¿Cómo se pueden producir células de control en la prueba indirecta de antiglobulina?
Método de adsorción autóloga :
- Recoger una muestra de sangre del paciente y separar el suero.
- Suspender los glóbulos rojos (RBC) del paciente en solución salina isotónica o tampón.
- Agregue un pequeño volumen de suero del paciente a la suspensión de glóbulos rojos y mezcle suavemente.
- Incubar la mezcla a temperatura ambiente o 37°C durante un período específico (por ejemplo, 15 minutos).
- Lave bien los glóbulos rojos para eliminar los anticuerpos unidos de forma no específica.

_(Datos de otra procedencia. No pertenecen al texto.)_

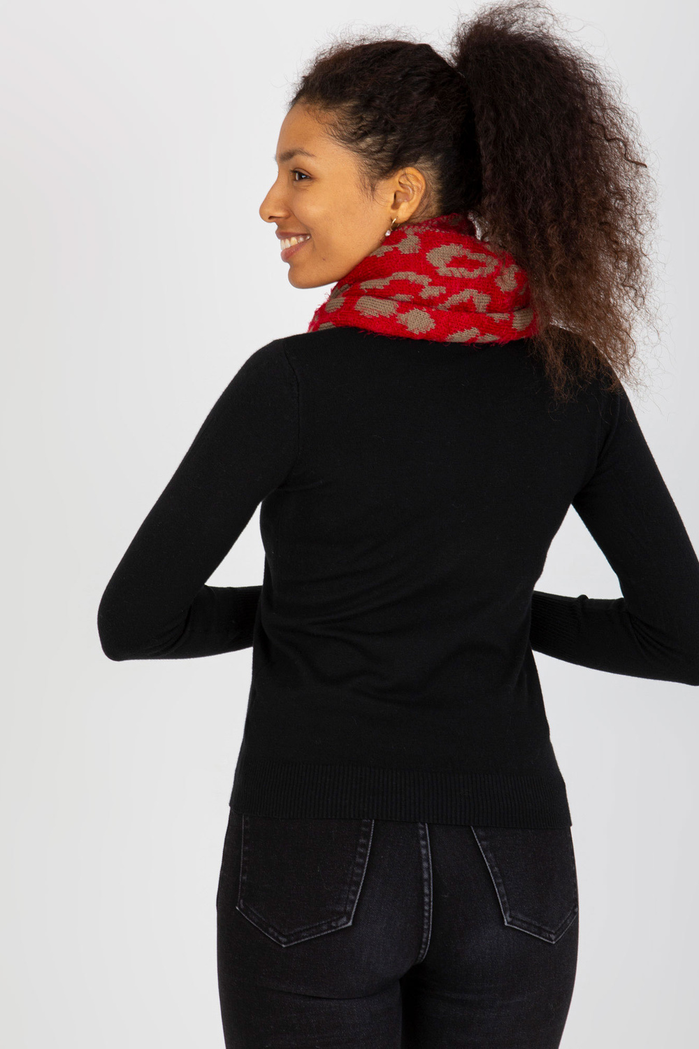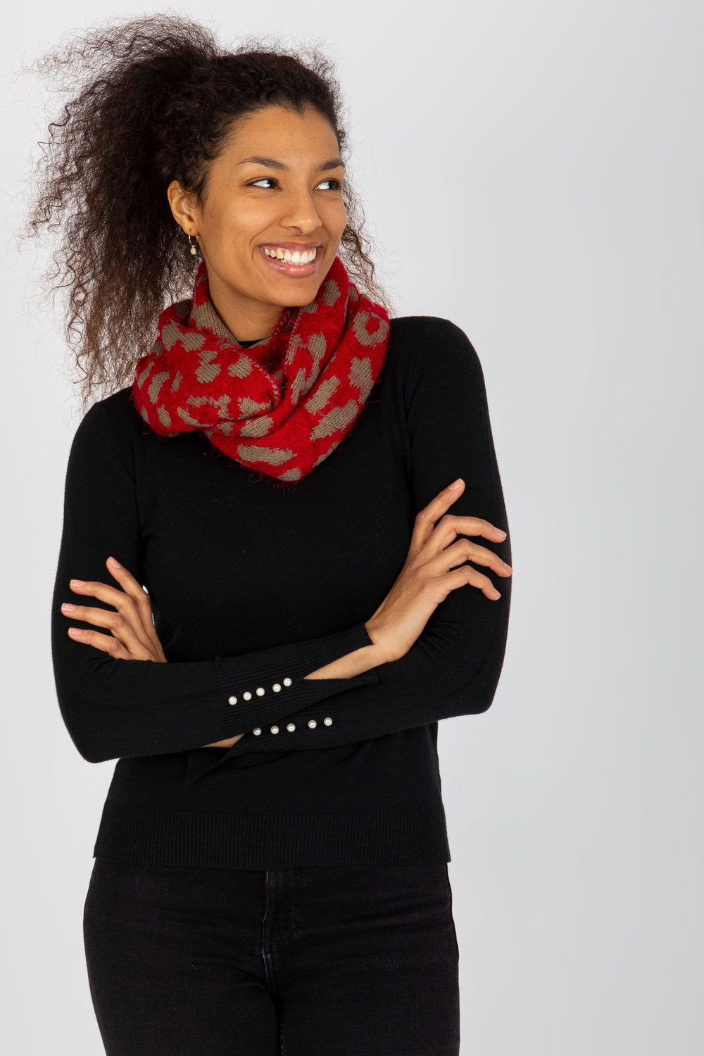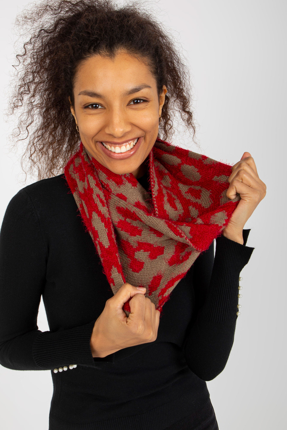Raudona ir tamsiai smėlio spalvos moteriškas kaminas su raštais.
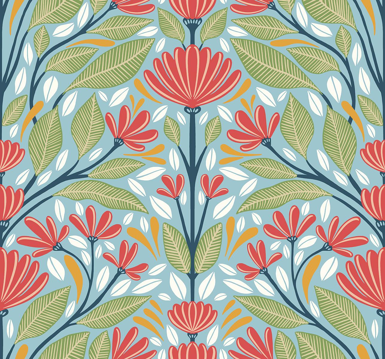 Returns For Seabrook Carmela Folk Floral Summer Garden Wallpaper (Seabrook)

Estos glóbulos rojos lavados, ahora recubiertos con anticuerpos autólogos, si están presentes, se pueden utilizar como células de control para la prueba de antiglobulina indirecta. Este método tiene como objetivo revelar la presencia de autoanticuerpos irregulares que pueden causar hemólisis mediada por anticuerpos o interferir con las transfusiones de sangre.
Hematíes normales de adulto o de donante :
- Recolectar sangre de un donante adulto sano con tipo de sangre e historial serológico conocidos.
- Separar el suero y preparar una suspensión de eritrocitos del donante en solución salina isotónica o tampón.
- Los glóbulos rojos del donante, que se supone carecen de anticuerpos irregulares, pueden servir como células de control para la prueba de antiglobulina indirecta.
eritrocitos del grupo O :
- Los glóbulos rojos del grupo O, que carecen de antígenos A y B, pueden utilizarse como células de control en la prueba de antiglobulina indirecta.
- Es menos probable que los glóbulos rojos del grupo O reaccionen de forma no específica con los anticuerpos presentes en el suero del paciente.
Es esencial seguir protocolos estandarizados y validar las células de control para garantizar su precisión y confiabilidad al interpretar los resultados de las pruebas de antiglobulina indirectas.